De stad Yogyakarta kent ook een Nederlands verleden wat terug te zien is in Fort Vredenburg. Dit vierkante fort met wachttorens op elke hoek en een brede loopgraaf om de hoge muren heen, ligt recht tegenover een van de zeven paleizen van de Javaanse sultan en is in 1765 gebouwd, door de VOC, om de Nederlandse Gouverneur te beschermen.
Momenteel dient het als museum en is er in de vier hoofdgebouwen een diorama over de onafhankelijkheid van Indonesië, waarbij Yogyakarta een belangrijke rol speelde. De rol van de Nederlanders was daarin overigens minder florissant….. wat uitgebreid belicht wordt.
Een wonder eigenlijk dat we nog welkom zijn hier.

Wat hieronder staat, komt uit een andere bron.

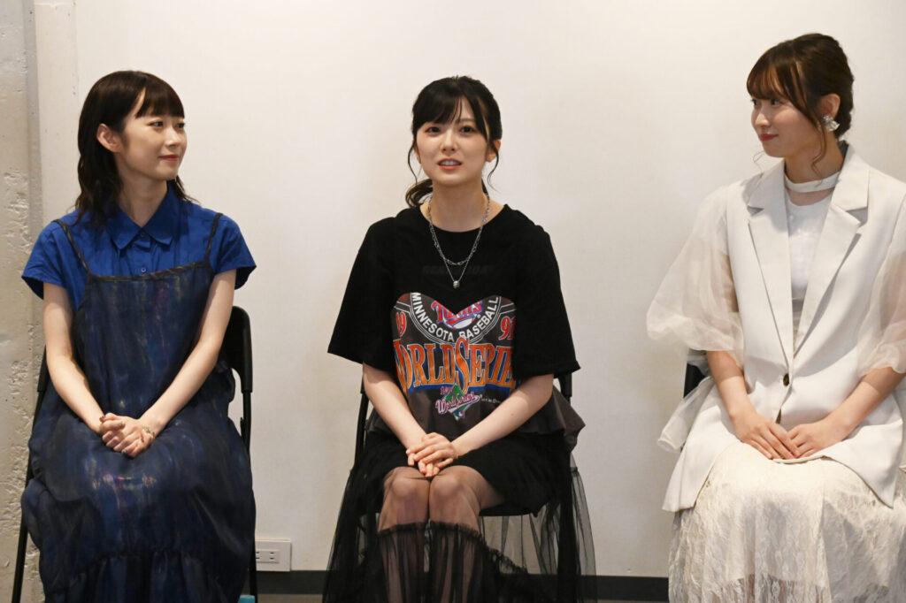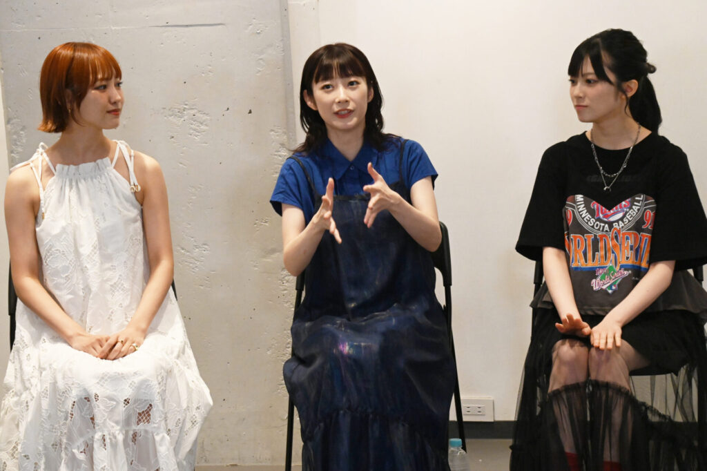 河内「私はギターを演奏します。実はギターを1ミリも触ったことがなくて。先生にも色々教えていただいて、もうとにかくまずは止まらずに弾くことっていうのを目標にコードも全部覚えて、とりあえず指の形を全部覚えて、だいぶ止まらないで弾けるようになりました。こういう機会がなかったらギターに触れることもなかったから、すごい貴重な機会だし、やっぱり難しい曲だからこそ、みんなで合わせたら楽しいんだろうな、みんなでバチッとはまった時に楽しいんだろうなっていうのはすごく感じるので、本番皆様にお届けできる日まで、しっかり本編の芝居も含めて一緒に、ブラッシュアップできたらいいなって思っています。」

Toen we de tentoonstelling hadden doorlopen, begonnen de magen alweer wat te knagen. Hoog tijd voor een snackje… Naast het fort ligt de “Pasar Beringharjo”, de oudste en meest levendige markthal van Yogya. Het is enorm en beslaat een paar verdiepingen.
Op de stoep buiten het gebouw staan rijen met kraampjes waar weer de heerlijkste specialiteiten worden bereid. We hebben het simpel gehouden en elk twee vers gedraaide (of zoals Gijs zegt; gevouwen) loempia’s gegeten. Opletten dat je je vingers er niet bij op eet.
Even rond gekeken in de bazaar, maar de kids waren duidelijk moe, dus we hebben de korte versie gedaan. Even een blik om de sfeer te proeven en een globale indruk te krijgen.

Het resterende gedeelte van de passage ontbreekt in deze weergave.